I find none of it horrifying, and I am kind of worried about that. If I can continually get publish, my main genera would preferably be horror. However, everything Ive read on the genera states that you must scare the reader. how do you do that when you yourself feel no fear? lol.
For me, horror is more of a stress release. A ghost terrorizes a family. A serial killer abducts some one. It is the entertainment I desire sense doing theses things in real life is very much frowned upon. Also, many of the horror short stories ive enjoyed the most, made no attempt at fear.
Ive been 20 yards from a cougar and it scared the hell out of me. The same event written out would not so much. sure, the writer could make it entertaining, but it would not scare me.
And of course there are aspects i try to avoid. namely theses would be Vampires, Zombies and Cannibals. The first two are way overdone and the last is just not appealing. If the only aim is to elicit the gross out factor, I'll pass. I dont do gross just for the sake of gross. I am far more tolerant of violence just for the sake of violence if its good. Good story trumps all.
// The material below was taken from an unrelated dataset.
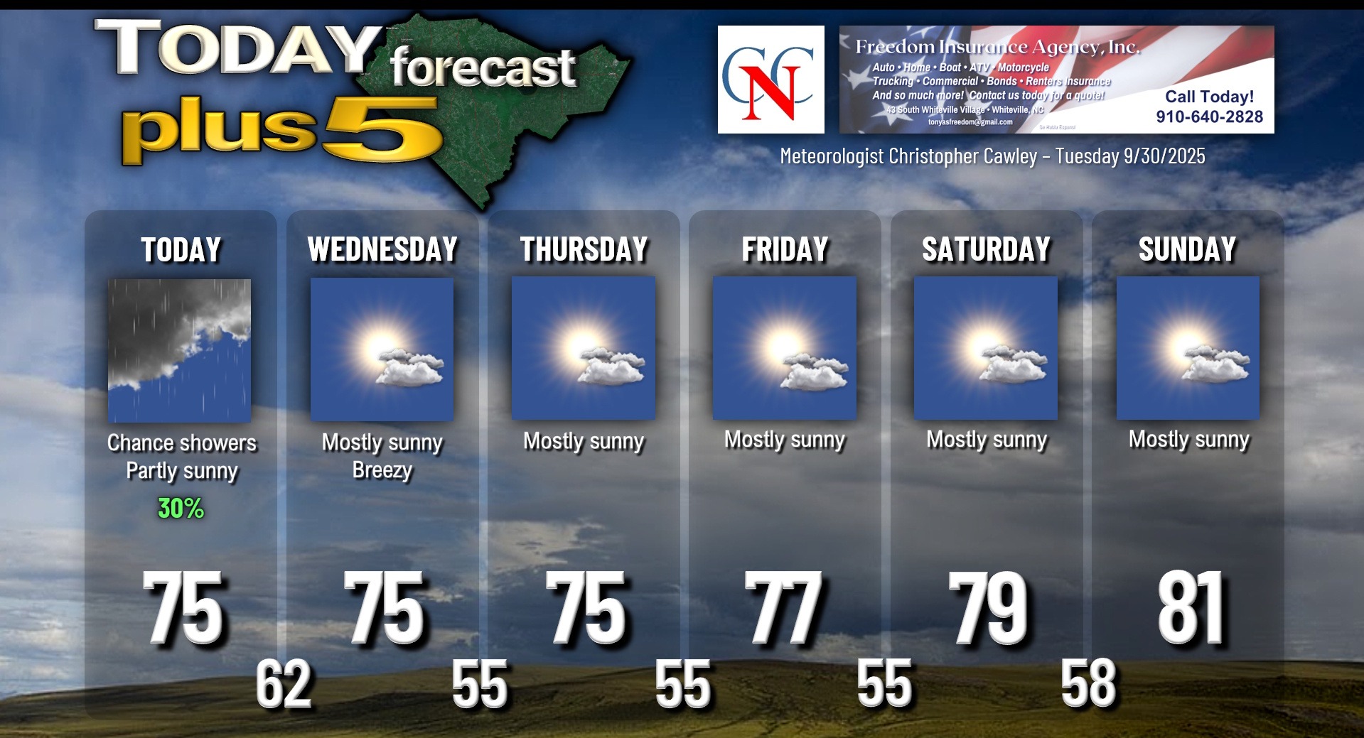 This weather update is sponsored by Freedom Insurance of Whiteville. No weather worries with Freedom Insurance. For home, car, boat, or whatever you need, Freedom can provide customized coverage to keep you and your family safe. Contact Freedom today at 910-640-2828!

Done right, the fear comes not from the cougar, but from fear the cougar might kill your favorite character. Few readers live in a place where cougars are a worry, but all of them can be frightened that a favorite character is about to become Kitten Chow.
A serial killer, I think, is different. Fear a favorite character will be killed still plays a part, but while most will never have to face a cougar, anyone can be the target of a serial killer. This, I think, is a good time to work real numbers into a story. Most people don't know there are from thirty-five to fifty serial killers still on the loose at any given time.
This shouldn't frighten people, but I've found it usually does, so it's kind of a double whammy. I'm always looking for such things to work into a story.
An extremely common fear is having your children harmed. Not much scares me in real life. Not even a nose to nose encounter with a cougar or a bear, not free climbing cliffs, and not even being shot at.
But even a stray thought of someone harming my grandchildren terrifies me. True terror.
Anyway, I think you have to look at each type of situation a bit differently. You can scare the bejeebers out of readers without being scared yourself. Sometimes you make them afraid a favorite character will be killed, and sometimes you make them go check the locks on the door, or make them call to see if the grandkids are sleeping soundly.